Нажим кнопки. Лифт несется вверх, отзванивая этажи. Площадка третьего этажа.
В комнатах тот же золотой свет, та же далекая, тихая музыка. Яркие пятна картин на стенах. Выпуклости художественной лепки на потолке. Ноги мягко ступают по играющим краскам на пушистых коврах. Переплелись красочные линии по шелку мебели, портьер и гардин. Всюду цветы, цветы. Тонкий запах.
– Эти комнаты предоставляются вам. Эта – вам, а та – вам, – указывает Стерн. – Если вам не нравится это освещение, то…
Он подводит их к небольшому ящику в стене. В ящичке полукруг стеклышек всех оттенков. Стрелка указывает на золотистое стеклышко.
Поворот стрелки. Комнату заливает теплый рубиновый свет. Еще поворот – лиловый, серебристый, фиолетовый… Опять золотой.

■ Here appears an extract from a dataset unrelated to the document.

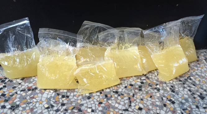 Figure 4. Bags of gel ready for use on the tree. The team are so grateful to all their colleagues who mixed up huge quantities of gel in their spare moments.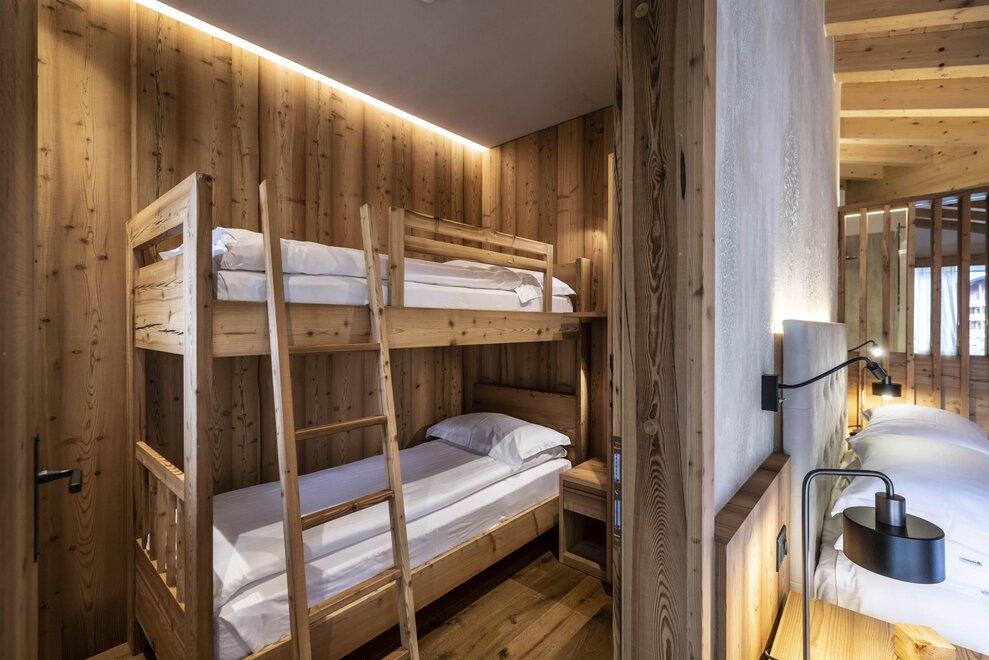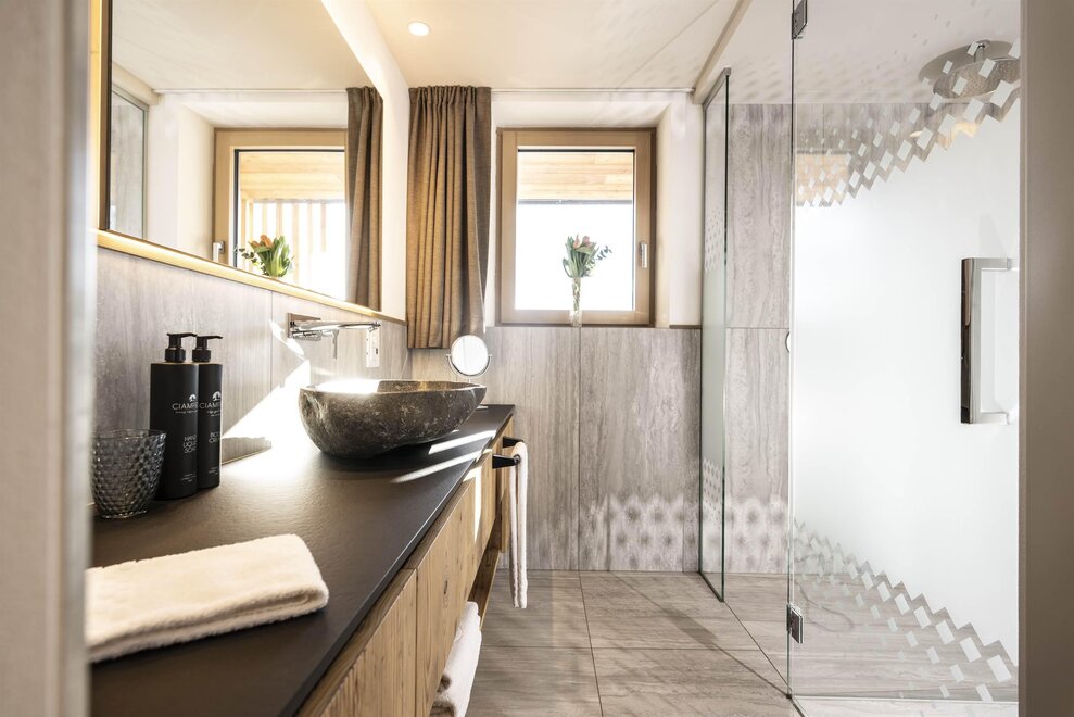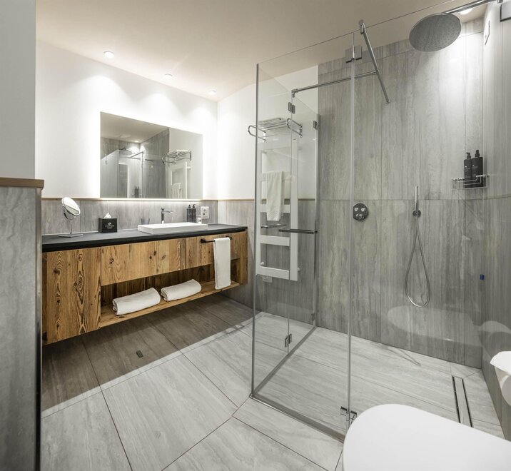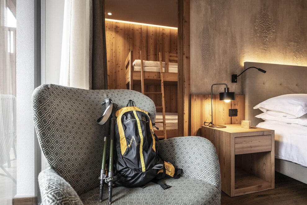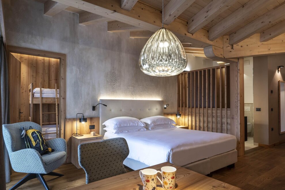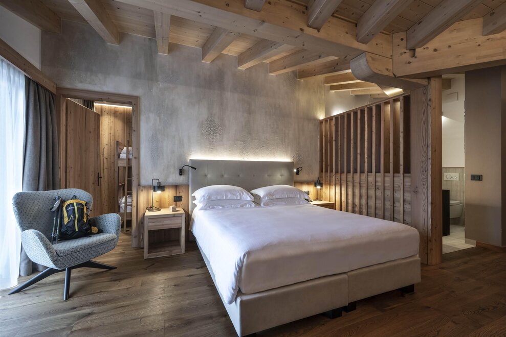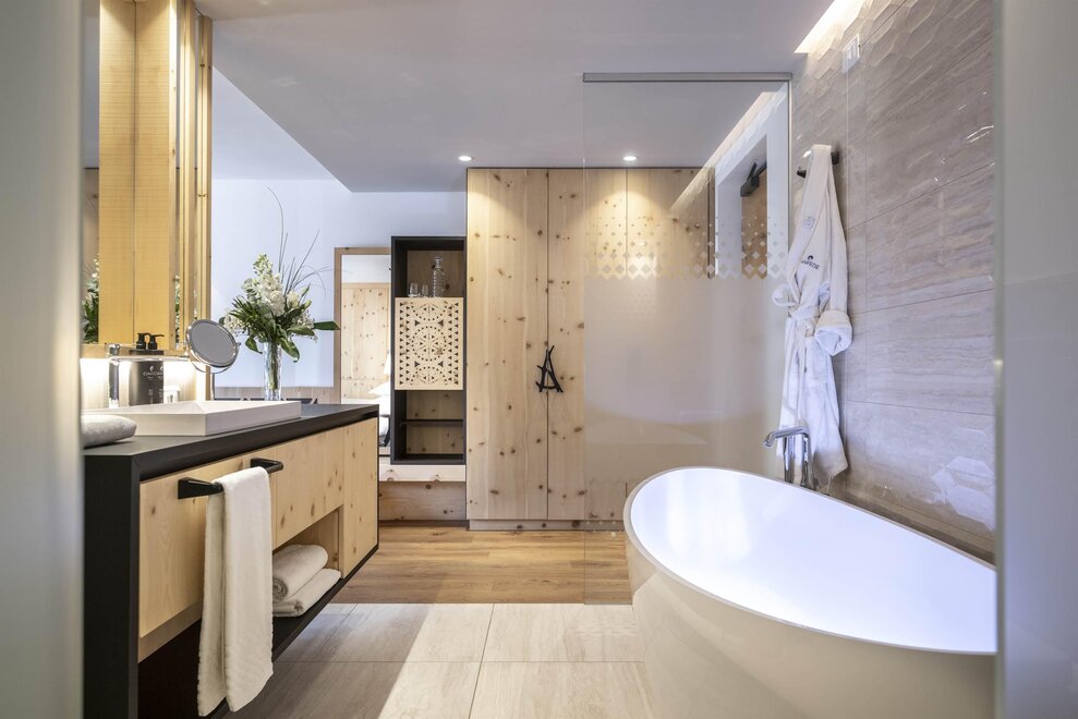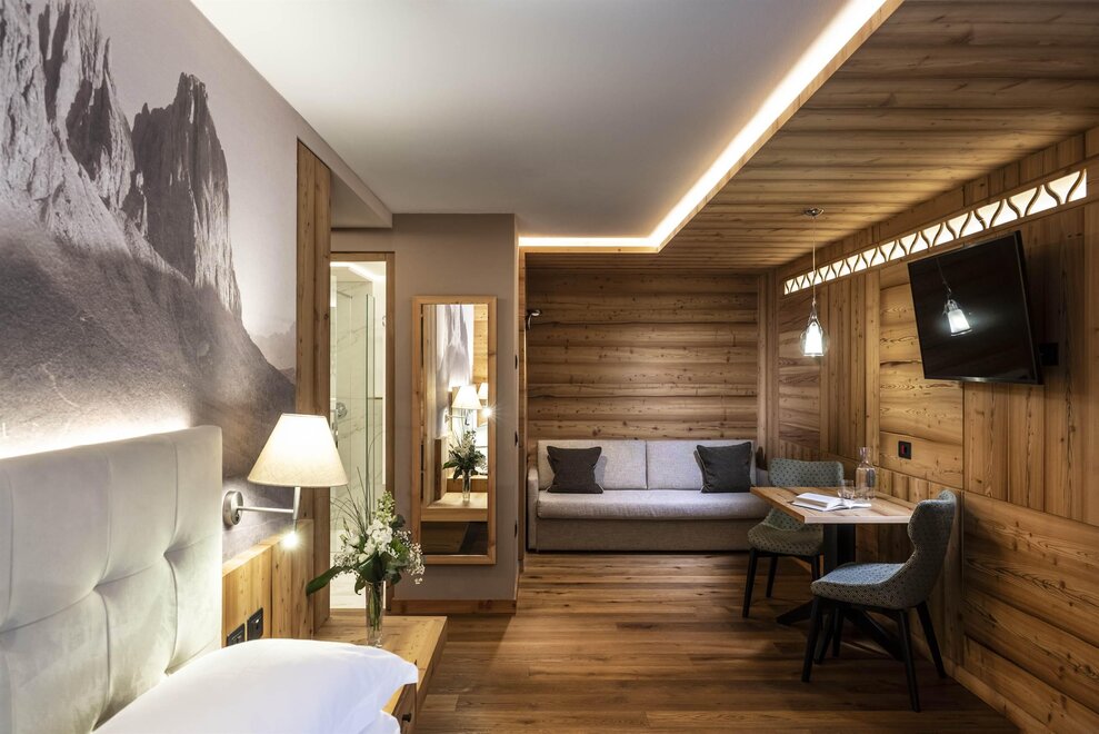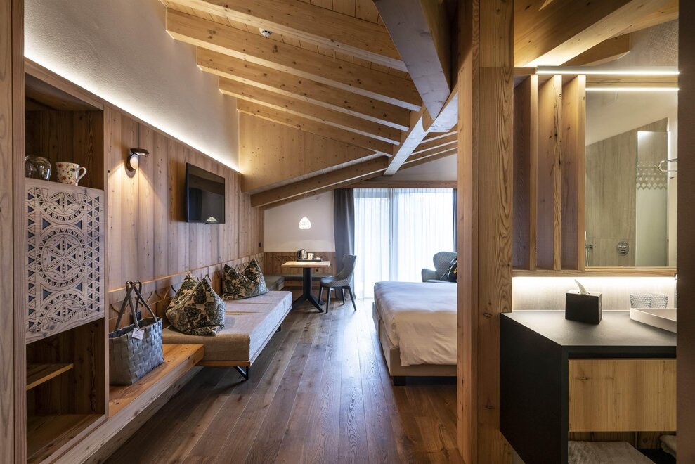 Junior suite in legno vecchio o in larice nordico con pavimento in legno, divano letto, LCD-TV, cassaforte, telefono, frigo bar, bollitore, Wi-Fi gratuito, balcone o terrazzo con vista mozzafiato sulle Dolomiti attrezzato con sedie reclinabili e tavolino. Bagno (aperto o chiuso) con ampia doccia, accappatoi e ciabattine, asciugacapelli, specchio cosmetico. Posto auto in garage riservato.

– Каждый гражданин может выбирать по своему вкусу мебель, украшения комнат. Надо сообщить только по идеографу в коммунальное бюро своего дома…
– Но это все не дается же даром, – замечает, потрясенный впечатлениями, Викентьев. – Надо же быть чем-нибудь полезным обществу. К чему мы пригодны в этом новом мире?
– Вы можете свободно распоряжаться собою, – отвечает Стерн. – Выбирайте любой род деятельности.
– Но если мы ничего не сумеем делать? – спрашивает Евгения.
– Сумеете.
– А если не захотим?
– Захотите, – загадочно улыбается Стерн. – Никто вас не будет заставлять, но вы захотите сами работать…
Викентьева и Евгению мучают голод и сон. Стерн кивает головой:
– Да, да, я знаю. Ведь, благодаря идеографу, вы не можете скрыть ничего. У нас нет тайн и нет лжи.
– Да, мы хотим есть и спать.
– Есть и спать! Устарелые понятия. Я не дам вам ни есть, ни спать, но вы будете сыты и бодры.
Он открывает дверь в соседнюю комнату. В ней почти нет мебели. Две ванны, накрытые стеклянными колпаками; никелированные краны; душ, металлические цилиндры.
– Сейчас вы будете сыты и бодры, – повторяет Стерн.
– Разденьтесь и садитесь в эту ванну.